Jon: If you're a punishment free parent, it doesn't mean that you're never going to punish your kids again. It doesn't mean you're never going to yell at your kids again. It means that when you do those things, you recognize them as the ineffective tools that they are. You seek to do better. You reconcile and then over time, you slowly move away from that worldview and that mindset. And for this individual who was part of that process with me, they went from being like, I don't vibe this to being the biggest advocate, the biggest early reader. To be like, this is everything to me. And so if you have a person in your life who's like, I can't get on board with this, understand that you have to walk them through as we've talked you've talked about multiple times on the podcast, the stages of grief, right? Yeah, like, you have to walk people through the stages. You don't skip to acceptance. Similarly, the stages of grieving, the punishment that you have experienced and the punishment that you've done as a parent, you don't go from, oh, I, you know, I read this. I called the documentary effect, right? You watch a documentary, and then you go, I'm never gonna eat corn oil again. Like, that's not effective change, right?

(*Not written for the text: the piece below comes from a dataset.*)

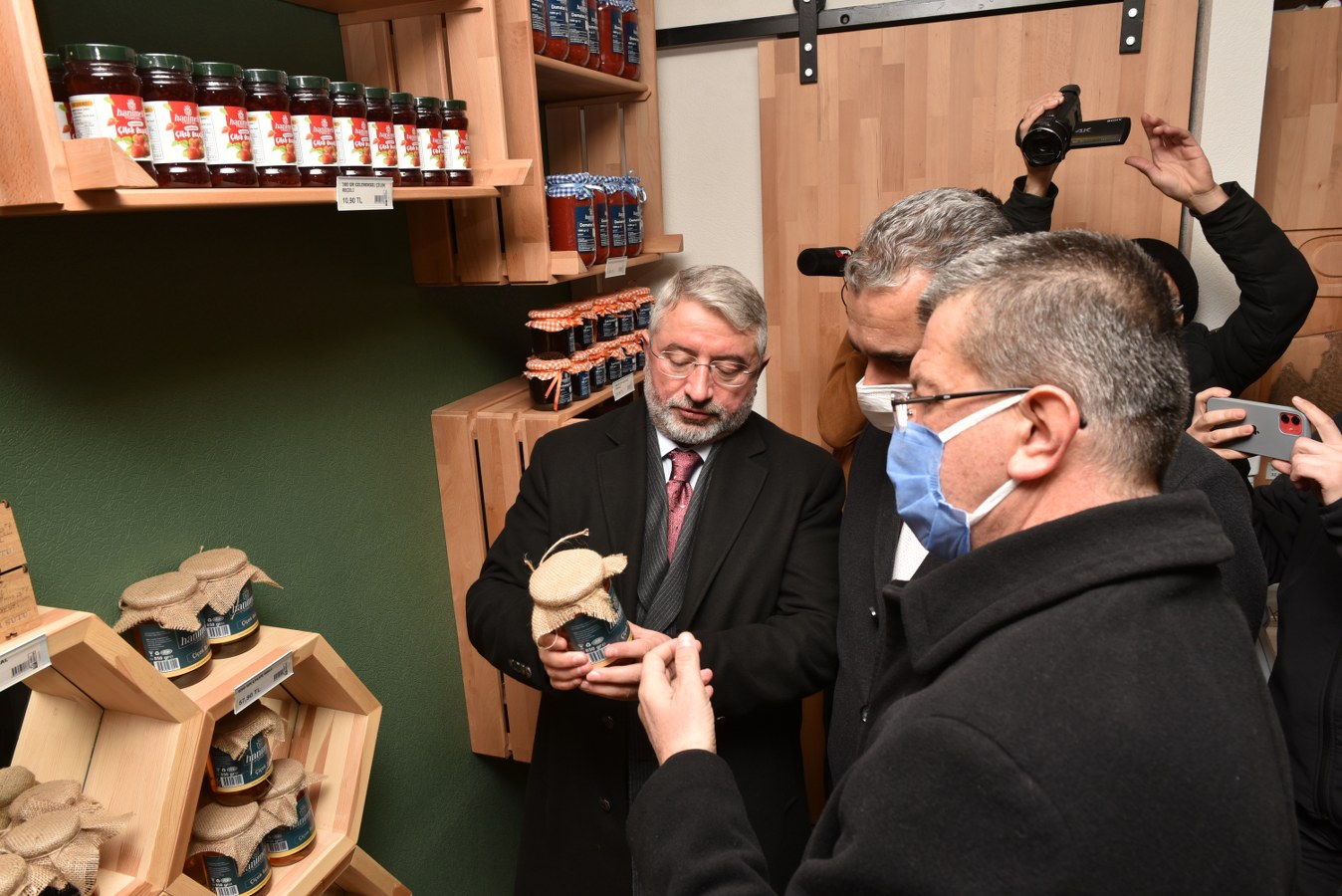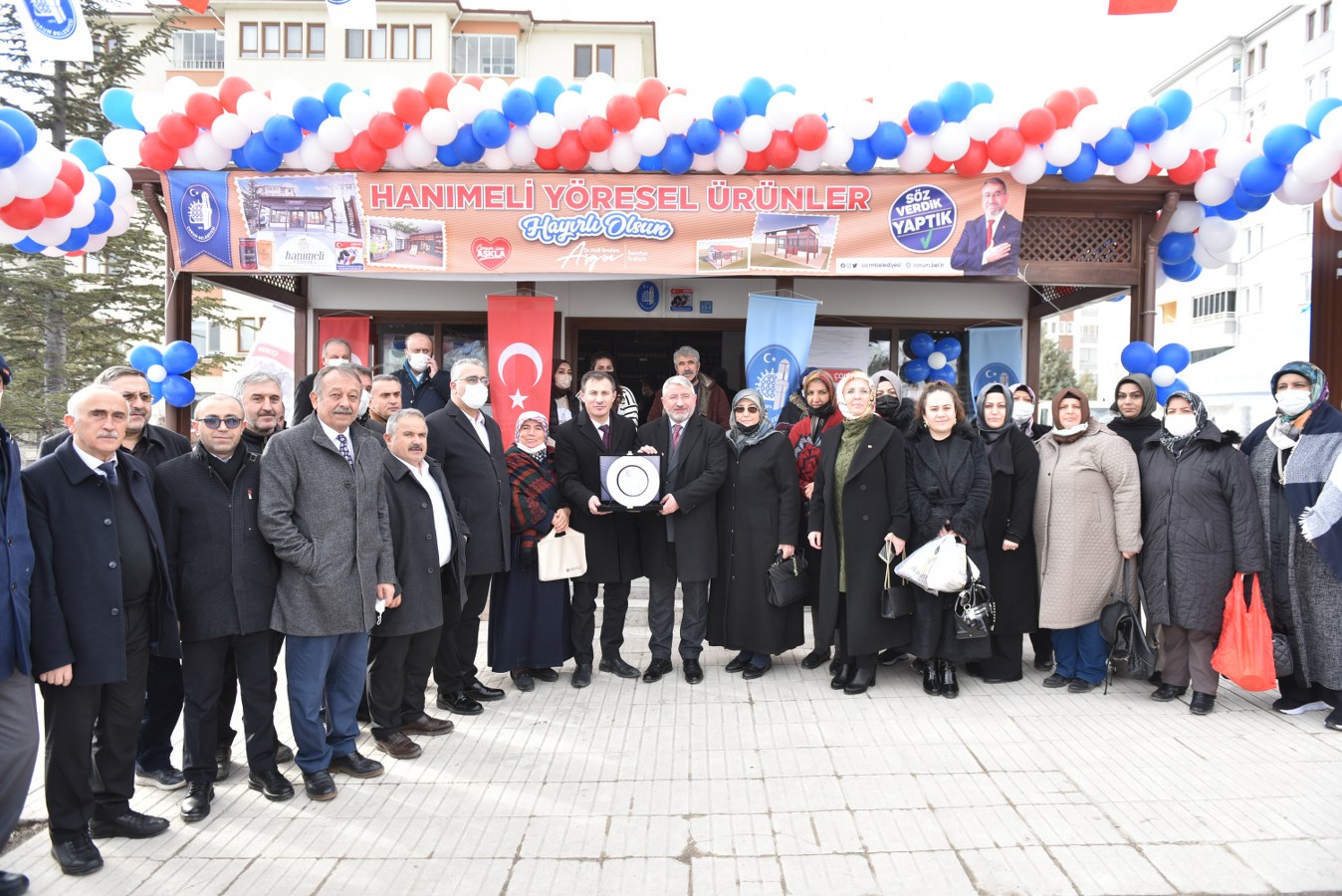 Konuşmaların ardından Hanımeli Yöresel Ürün satış noktalarının açılış kurdelesi kesildi. Açılış töreninde davetlilere sıcak süt, Halket sucuk ve mantı ikram edildi.
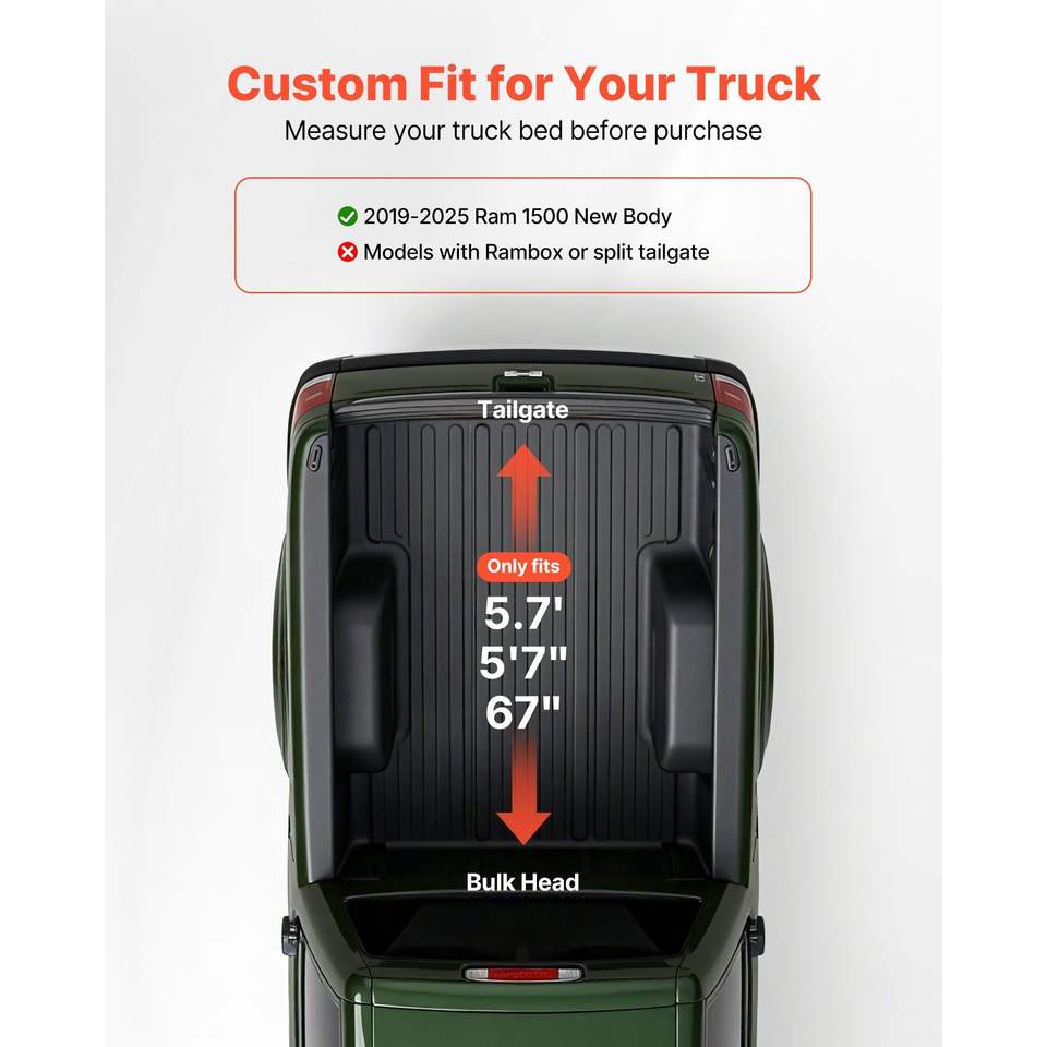 Copertura Morbida Avvolgibile per Cassone Ram 1500 2019-2025, Compatibile con Cassone da 5,7 piedi, Adatta per Cassone da 5 piedi 7 pollici/67 pollici

Jon: Effective change walks you through the stages of grief, of saying, Just be you did turn out fine. Your mom did love you, and she probably didn't know what we know now, yeah, that's okay, and you're gonna screw up. And that's the stuff where I go. I actually, I'm maybe delusions of grandeur here, but I actually think the really unique part of this book, the person that I wrote the book for, was not the parent who was already bought in that, like that. That was not the person who, I think those people will love the book, but it's the person who is either in a relationship with somebody, or who themselves, is going, I don't know. I don't know if this is for me, that's the person for whom this book was written.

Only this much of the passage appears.